Life stories are about far more than just careers and work. And for many people what defines them and gives value to their lives is what they did outside of work.

Here are the other major activities that have meant much to me:

Sailing

Over the years Embry and I have owned and enthusiastically sailed six sailboats. My interest in sailing began when I was in high school in Nashville and a friend bought a Sunfish for sailing on Old Hickory Lake and I had my first taste of sailing. My father had talked lovingly about buying a sailboat someday, but it never happened. I suppose in some ways I have been living out his dream.

When I was in planning school at UNC, Embry and I drove to Davidson from Chapel Hill most weekends every summer to spend some time with her parents at their vacation house on Lake Norman. I went in with her brother, DG, and we bought our first boat, a green Sunfish, only about 10 feet long, which never had a name but which we loved and kept for many years. That was followed by a beat up and worn out 16-foot “505,” theoretically a high performance racing boat, which sank in the Potomac River on the Fourth of July 1974. I remained in the polluted water for over four hours with failed rescue attempts by the DC Marine Police, the Virginia Marine Police, the Maryland Marine Police and the U.S. Coast Guard before finally being pulled out of the water and into the marina just as the fireworks were starting. That experience merited an essay, which someday I will post again on the blog. The 505 also never got named and for good reason, given its unreliability, not only on that ill-fated Fourth of July but on every occasion that we sailed her.

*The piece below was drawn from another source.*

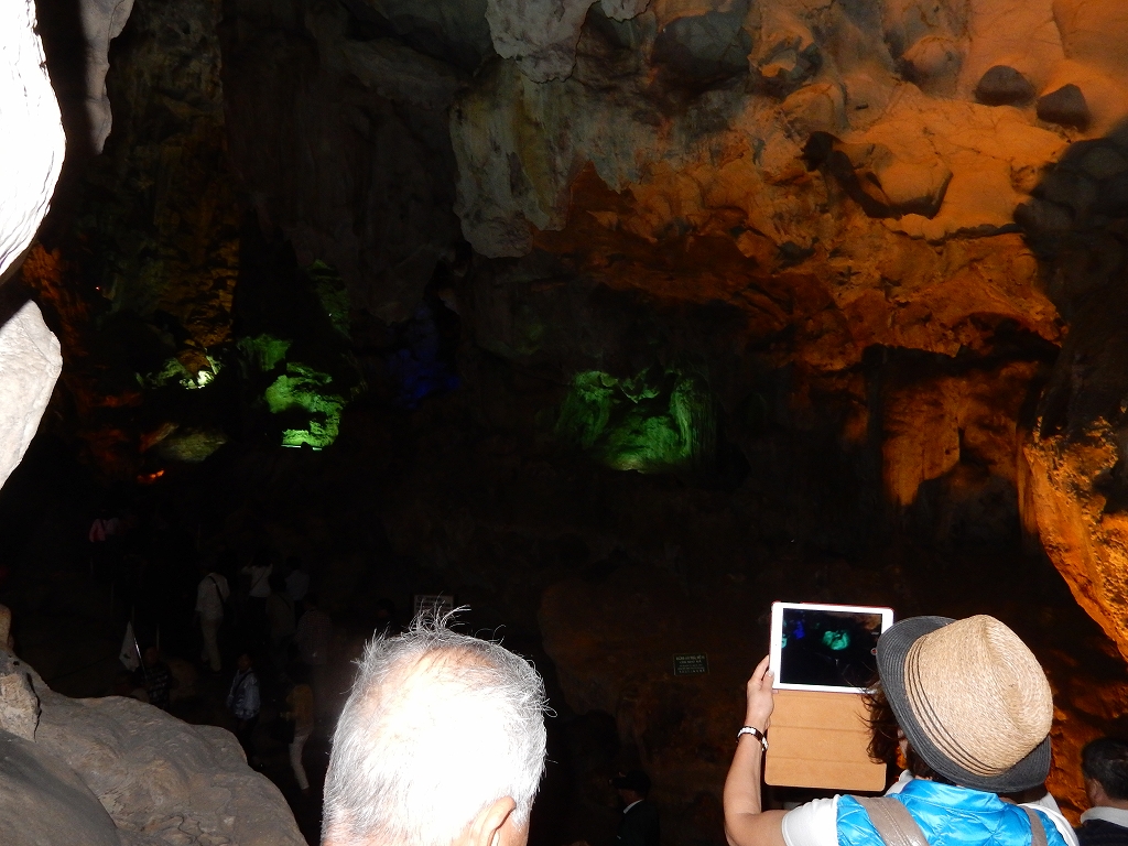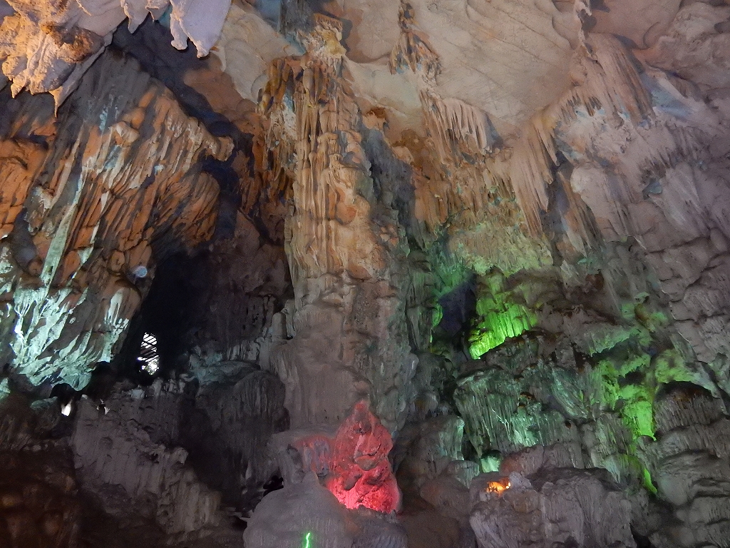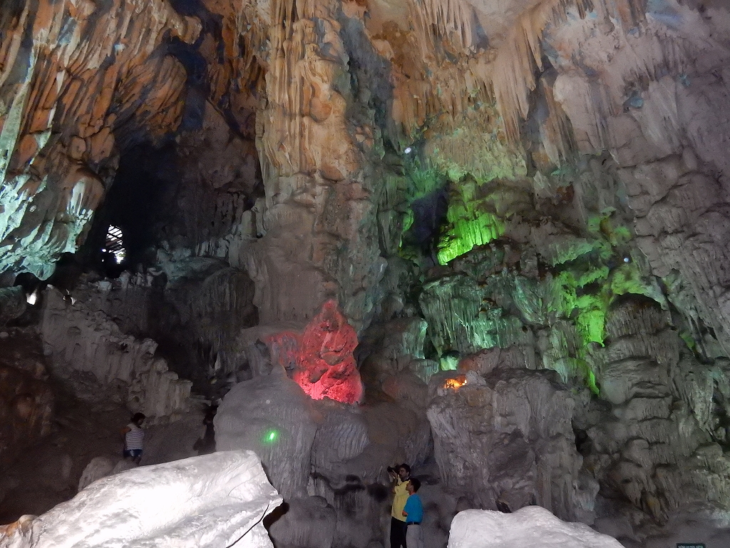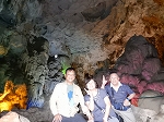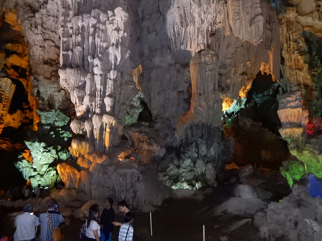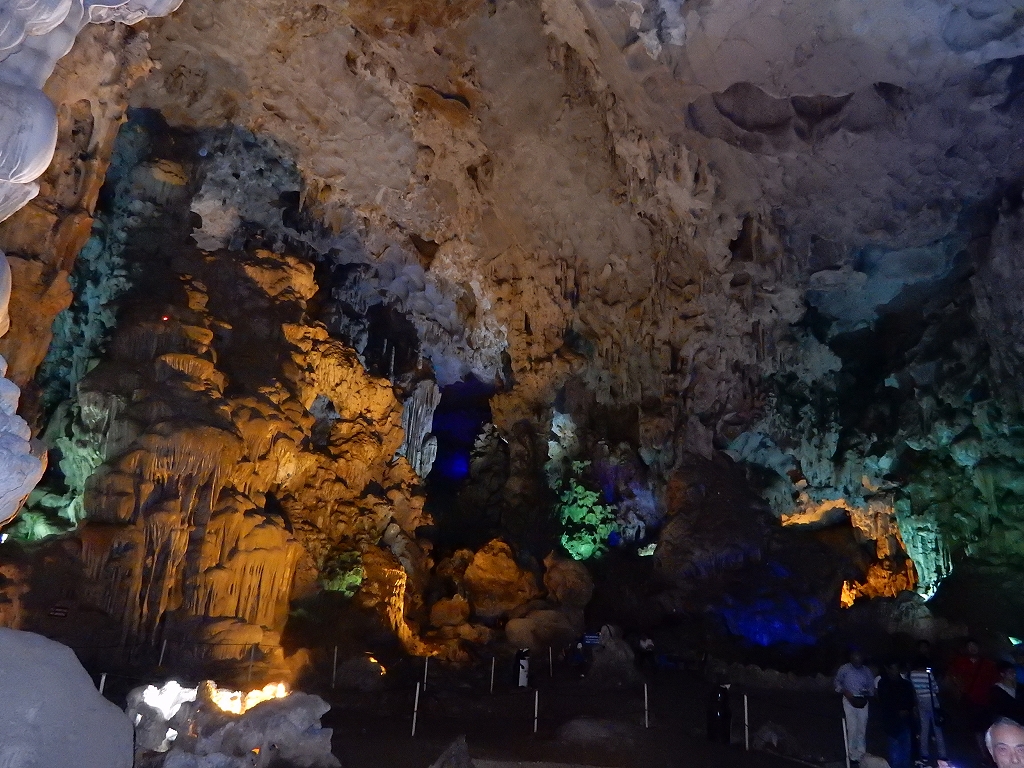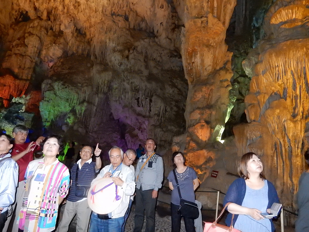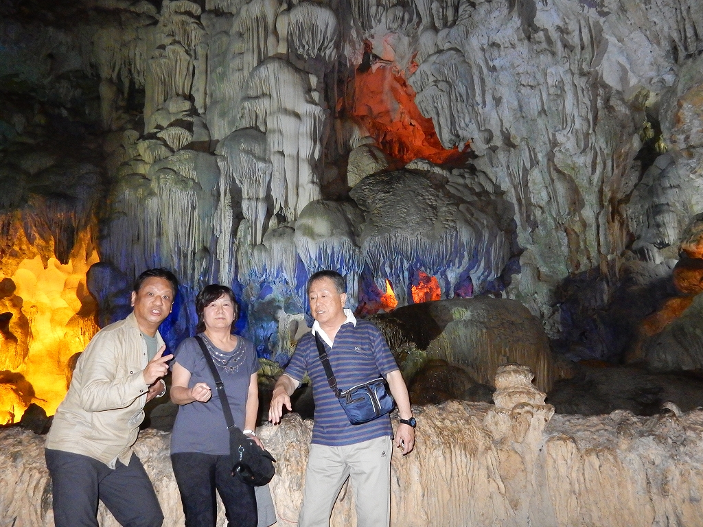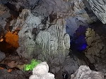 | 「世界遺産ティエンクン鍾乳洞」 ティエンクン洞は、ダウゴー島にある鍾乳洞で、天宮の意味がある。 ハロン湾に点在する鍾乳洞の中で、クルーズで立ち寄る最もポピュラーな鍾乳洞。 鍾乳洞の内部は高さ20m、幅10mほどでさほど広くはないが青や緑などにライトアップされいて幻想的な世界。 階段やフットライトで整備され内部は歩きやすくなっているが湿度が高く蒸し暑い。 ユニークな名前がついた鍾乳石や石筍がある。 |
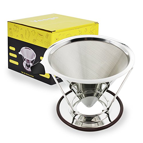 Veego Coffee Filter Stainless Steel Mesh Pour Over Coffee Dripper Reusable Clever Cone Coffee Maker with Stand

Then came our beloved Wayfarer, another used 16-foot daysailer, but in excellent condition, which I named “Mother Courage” after my favorite play by Berthold Brecht. We belonged to a sailing club on the Chesapeake Bay along with six or seven other Wayfarer owners. We loved that boat, which we bought in the fall of 1974 and sailed her on most weekends for over a dozen years. We competed in races with our sailing club and trailered Mother Courage up to Lake Huron to race in three national championships (including one with my father) where we competed against 40-50 other Wayfarers from various parts of the country, camped out, and made new friends. We did not win any trophies but came in fifth in one race and usually ended up in the middle of the fleet overall.

Mother Courage was followed by “Amazing Grace,” an Alberg 30, a 30-foot cruiser owned by the friend from whom I bought the 505. We kept her at a marina on Herring Bay on the Chesapeake where we raced her on Wednesday evenings during the warmer months and on weekends cruised to rivers and creeks all over the Bay. Embry and I once counted all the anchorages we had cruised to and anchored overnight on Amazing Grace and ended up with 75.

The highlight was a cruise I took with my son, Andrew, and several of his friends to celebrate his graduation from college, in 1992. We sailed all the way up to Cape Cod and had several close calls along the way up and back, which I have already written posts about years ago and hope to post again.

We kept Amazing Grace for about ten years before moving on to a racing boat. I loved Amazing Grace, but she was a full keel boat, which meant she could not point as well as the newer, fin keel boats, which most of the members of our sailing club, were then racing. When I could not take getting creamed in Wednesday night races and weekend regattas anymore, I bought a J-30, a high performance racing boat, which we named “Carolina Blue” because of the light blue color of the hull. Finally, we were competitive and I proudly display 25 trophies on the walls and in bookcases in our cottage in Collington, the retirement community where we now live. If you are impressed with 25 trophies, keep in mind that I figure that I have raced in more than 1,000 races over the years. So 25 trophies is a modest number though trophies were usually awarded only to winners of 3-race regattas or 6-race series. Embry was not interested in the racing part of sailing, so I recruited crew members, who were terrific, many of whom became and remain good friends.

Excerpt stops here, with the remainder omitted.